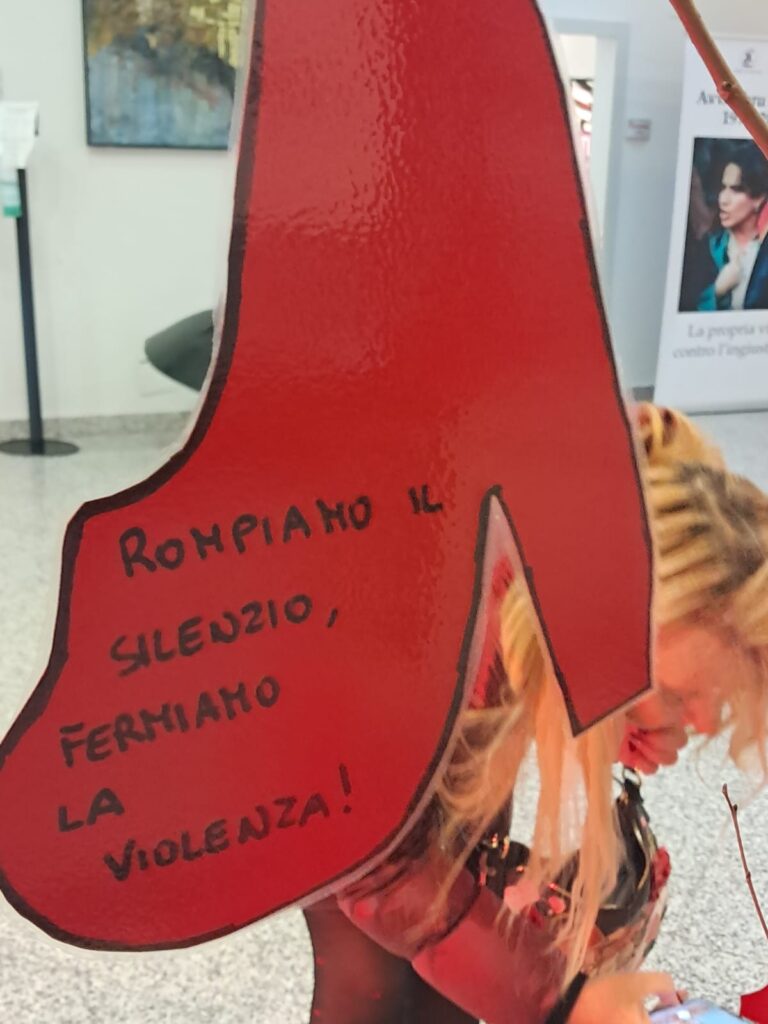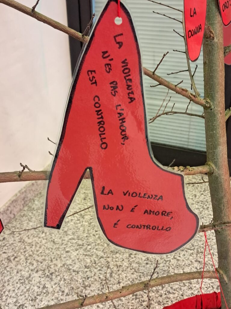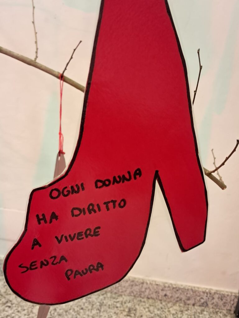Un grande albero secco al quale sono stati appesi tanti cartoncini rossi a forma di scarpetta, simbolo dell’impegno di tutti contro i crescenti femminicidi. Su ogni scarpetta una frase sulla libertà delle donne, sul loro diritto ad autodeterminarsi e a pretendere un amore vero.
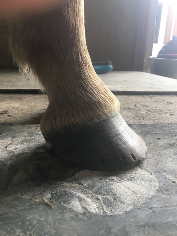 Il a été passé pieds nus début octobre. Auparavant, il était ferré des 4 jusqu'au début de l'été (chez son ancienne propriétaire), puis a été déferré des postérieurs en juillet. Il est arrivé à la maison mi-aout, donc ferré des antérieurs uniquement. Mon souhait depuis le début était de le passer pieds nus ; il vit au pré, on n'a pas d'ambitions de balade de 3h tous les jours (bien que je ne doute pas que ça puisse se faire pieds nus), et puis d'un point de vue organique, je trouve ça bien plus naturel. Donc, pourquoi s'encombrer ?
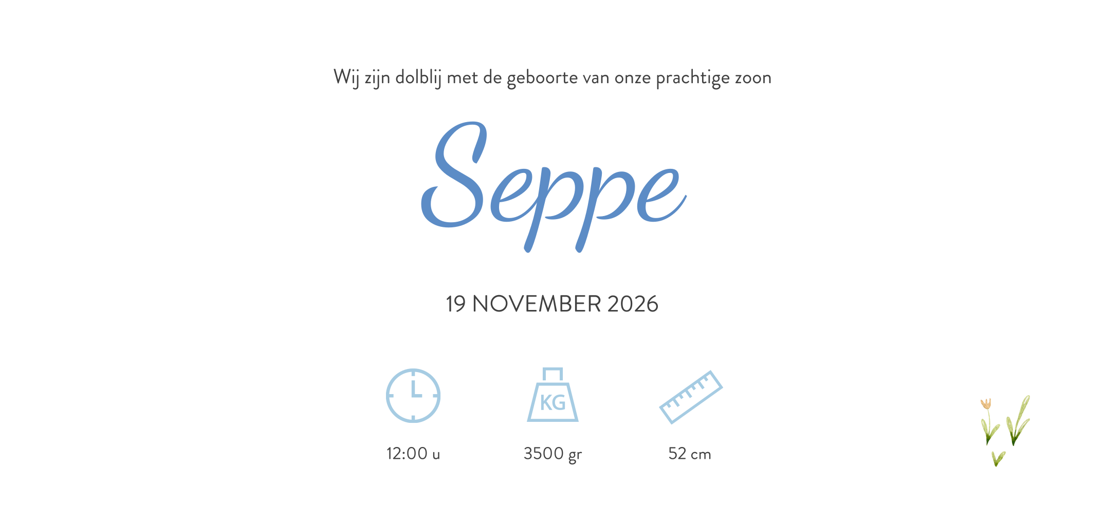Vrolijk geboortekaartje met slinger van dieren en blauwe hartjes. Op zoek naar een super vrolijk geboortekaartje voor een jongen? Kies dan voor dit langwerpige vrolijke geboortekaartje met een slinger van blije dieren. Dit schattige kaartje heeft mooie illustraties op de voorzijde, geschilderd met waterverf. In de slinger zie je onder andere een wasbeer, een vosje en een beer die hand in hand huppelen. In de kaart keren de wasbeer en beer terug. Op de linkerzijde kun je een leuke gedichtje plaatsen.
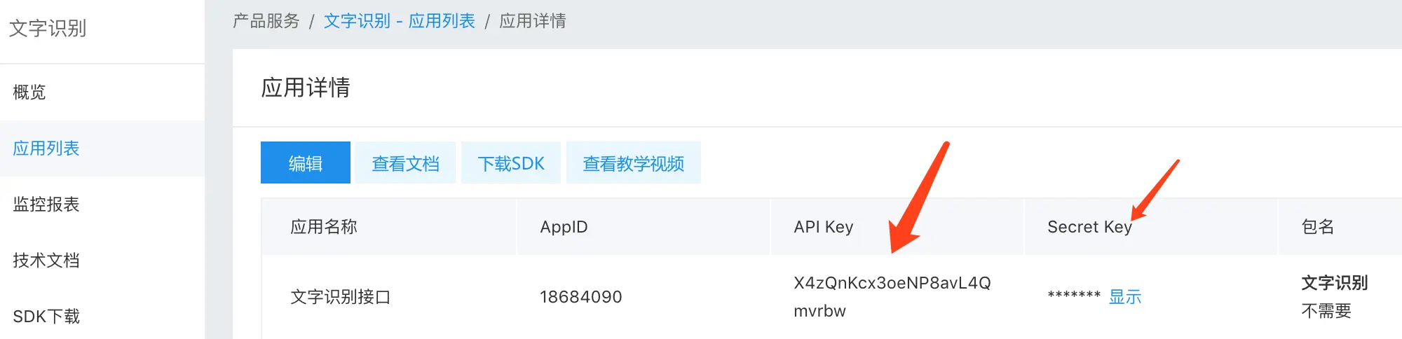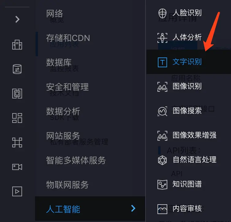 随后在人工智能-》文字识别 模块里建立一个应用
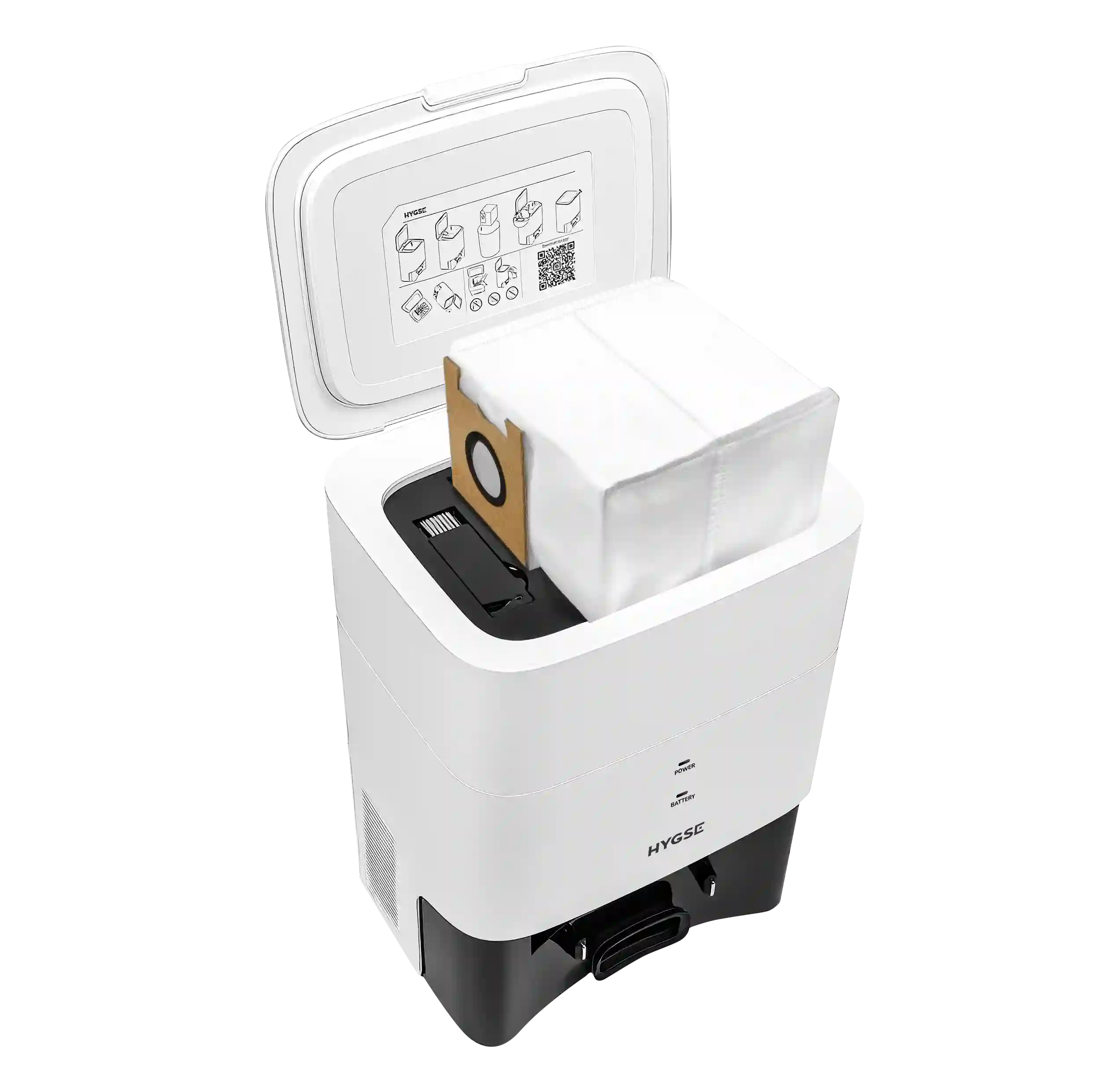 Urządzenie odkurza oraz myje podłogi, a ilość uwagi, którą trzeba mu poświęcić, została ograniczona do absolutnego minimum. Hygse Movo sam opróżnia swój zbiornik i w razie potrzeby ładuje akumulator.
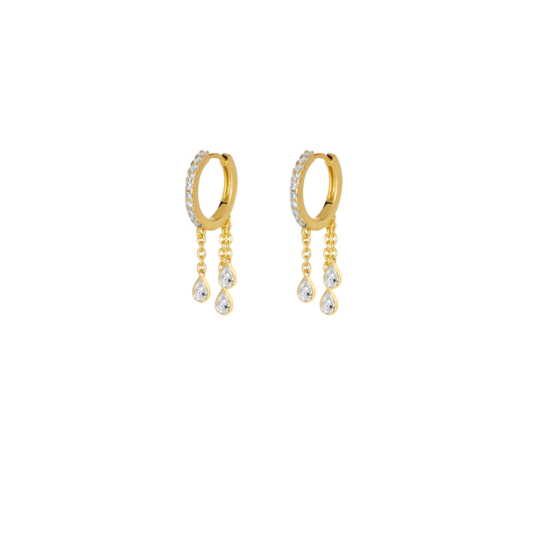 Elevate your everyday elegance with the Pear Diamond Fringe Huggies, featuring three bezel-set pear-shaped diamonds that gracefully dangle from a delicate diamond-encrusted hoop. Crafted in solid gold, these luminous earrings offer the perfect balance of sophistication and movement, catching the light with every turn. Whether worn alone or layered, they add a touch of timeless sparkle to any look
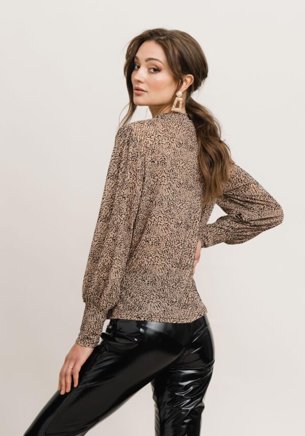 RUT&CIRCLE Paulina Puff Top | Beige / Black Dot
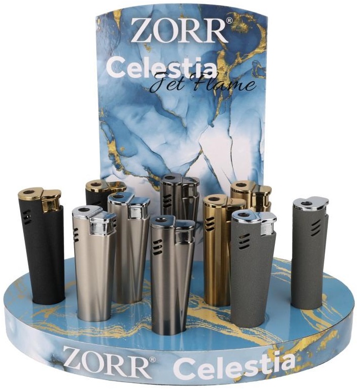 Turbo-Feuerzeug, nachfüllbar, ZORR Celestia, Jet-Flame, 5 Farben sortiert, im 10er Aufsteller (Feuerzeuge mit EAN)
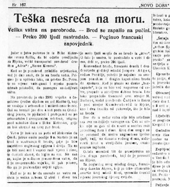 A beszámolók szerint a tűzben kétszáz magyar katona vesztette életét, azonosításuk azonban lehetetlen volt, mert annyira összeégtek a holttestek. Így csak Louis Jacques Atger kapitány és a másik három tengerész holttestét ravatalozták fel a Szent Antal templomban, majd temették el a Sustjepan temetőben. Itt kerültek tömegsírba a magyar katonák földi maradványai is. Miközben a temetés folyt, erős szél támadt és elszakadtak a kötelek, amelyekkel az akkor üresen álló Báró Kemény gőzöst a parthoz rögzítették. A tragédia kísérteties utójátékaként a hajó legénység nélkül elkezdett kisodródni a kikötőből, egy vontató tudta végül megállítani.

▬▬▬

Work item: All records above need to be returned exactly. Omit the pictures.

Answer to this problem:
Un grande albero secco al quale sono stati appesi tanti cartoncini rossi a forma di scarpetta, simbolo dell’impegno di tutti contro i crescenti femminicidi. Su ogni scarpetta una frase sulla libertà delle donne, sul loro diritto ad autodeterminarsi e a pretendere un amore vero.
 Il a été passé pieds nus début octobre. Auparavant, il était ferré des 4 jusqu'au début de l'été (chez son ancienne propriétaire), puis a été déferré des postérieurs en juillet. Il est arrivé à la maison mi-aout, donc ferré des antérieurs uniquement. Mon souhait depuis le début était de le passer pieds nus ; il vit au pré, on n'a pas d'ambitions de balade de 3h tous les jours (bien que je ne doute pas que ça puisse se faire pieds nus), et puis d'un point de vue organique, je trouve ça bien plus naturel. Donc, pourquoi s'encombrer ?
Vrolijk geboortekaartje met slinger van dieren en blauwe hartjes. Op zoek naar een super vrolijk geboortekaartje voor een jongen? Kies dan voor dit langwerpige vrolijke geboortekaartje met een slinger van blije dieren. Dit schattige kaartje heeft mooie illustraties op de voorzijde, geschilderd met waterverf. In de slinger zie je onder andere een wasbeer, een vosje en een beer die hand in hand huppelen. In de kaart keren de wasbeer en beer terug. Op de linkerzijde kun je een leuke gedichtje plaatsen.
 随后在人工智能-》文字识别 模块里建立一个应用
 Urządzenie odkurza oraz myje podłogi, a ilość uwagi, którą trzeba mu poświęcić, została ograniczona do absolutnego minimum. Hygse Movo sam opróżnia swój zbiornik i w razie potrzeby ładuje akumulator.
 Elevate your everyday elegance with the Pear Diamond Fringe Huggies, featuring three bezel-set pear-shaped diamonds that gracefully dangle from a delicate diamond-encrusted hoop. Crafted in solid gold, these luminous earrings offer the perfect balance of sophistication and movement, catching the light with every turn. Whether worn alone or layered, they add a touch of timeless sparkle to any look
 RUT&CIRCLE Paulina Puff Top | Beige / Black Dot
 Turbo-Feuerzeug, nachfüllbar, ZORR Celestia, Jet-Flame, 5 Farben sortiert, im 10er Aufsteller (Feuerzeuge mit EAN)
 A beszámolók szerint a tűzben kétszáz magyar katona vesztette életét, azonosításuk azonban lehetetlen volt, mert annyira összeégtek a holttestek. Így csak Louis Jacques Atger kapitány és a másik három tengerész holttestét ravatalozták fel a Szent Antal templomban, majd temették el a Sustjepan temetőben. Itt kerültek tömegsírba a magyar katonák földi maradványai is. Miközben a temetés folyt, erős szél támadt és elszakadtak a kötelek, amelyekkel az akkor üresen álló Báró Kemény gőzöst a parthoz rögzítették. A tragédia kísérteties utójátékaként a hajó legénység nélkül elkezdett kisodródni a kikötőből, egy vontató tudta végül megállítani.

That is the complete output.